His Honour was not precluded by the jury verdict of acquittal in respect of the sexual charges from finding on the sentence on these counts that on balance the sexual complaints were not false allegations. The jury verdicts of acquittal meant only that the jury were not satisfied beyond reasonable doubt of the guilt of the accused on the counts of indecent treatment.
In any case, had the allegations in fact been false, it was hardly a mitigating factor that the applicant took the law into his own hands and in an act of retaliation severely bashed a middle-aged woman with her arm in a cast and with a history of back problems in her own home at night time. On any view, the applicant's conduct was extremely serious and warranted a salutary penalty by way of specific and general deterrence. Although the applicant had no prior criminal history, he was a mature man who well knew that such violent, brutish behaviour was completely unacceptable. Although he pleaded guilty, the submissions made on his behalf at sentence did, as the learned sentencing judge recognised, suggest some absence of real remorse and insight.
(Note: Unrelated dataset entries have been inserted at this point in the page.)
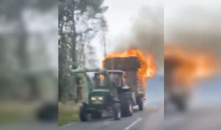 Sembra quasi un mezzo militare impegnato in un combattimento, ma è “solo” un trattore in fiamme. Da notare i tizzoni ardenti che si lascia dietro… un vero e proprio pericolo pubblico.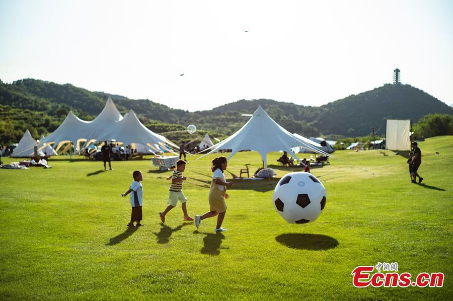 Children chase and play on the lawn at Jinhai Lake scenic spot, Pinggu district, Beijing, China, August 21, 2021. (Photo: China News Service/ Hou Yu)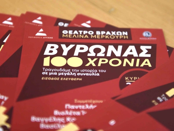 Ο Δήμος Βύρωνα συμπληρώνει φέτος τα 100 χρόνια ζωής και την πλούσια ιστορία του θα μας διηγηθούν μέσα από τραγούδια τους αγαπημένοι καλλιτέχνες υπό τη μουσική επιμέλεια του Γιάννη Παπαζαχαριάκη και τη συνοδεία 8μελούς ορχήστρας την Κυριακή 22 Σεπτεμβρίου στο θέατρο Βράχων «Μελίνα Μερκούρη».

The sentence imposed was within the comparable range (see R v Miles [1999] QCA 325; CA No 96 of 1999, 20 August 1999 and R v Brelsford [1995] QCA 594; CA No 301 of 1995, 14 September 1995).
I would refuse the application for leave to appeal against sentence.
...
McPHERSON JA: In my opinion, the question whether or not the applicant had been falsely accused of committing a sexual offence against the complainant's step-granddaughter is largely if not completely irrelevant to the sentence imposed here or its propriety. The applicant assaulted the complainant in her own home at night in the dark breaking her jaw as well as a rib.
It was for this offence that the applicant was sentenced on this occasion. The extent and severity of the assaults can be gathered from the photographic exhibits of her injuries after the event. The offence committed by the applicant merited the sentence imposed and I can see no reason for allowing the application for leave to appeal.
Like the President, it is my opinion that it should be dismissed.
MUIR J: I agree with the reasons of the President and of Justice McPherson and with the order proposed.
THE PRESIDENT: The application for leave to appeal is refused.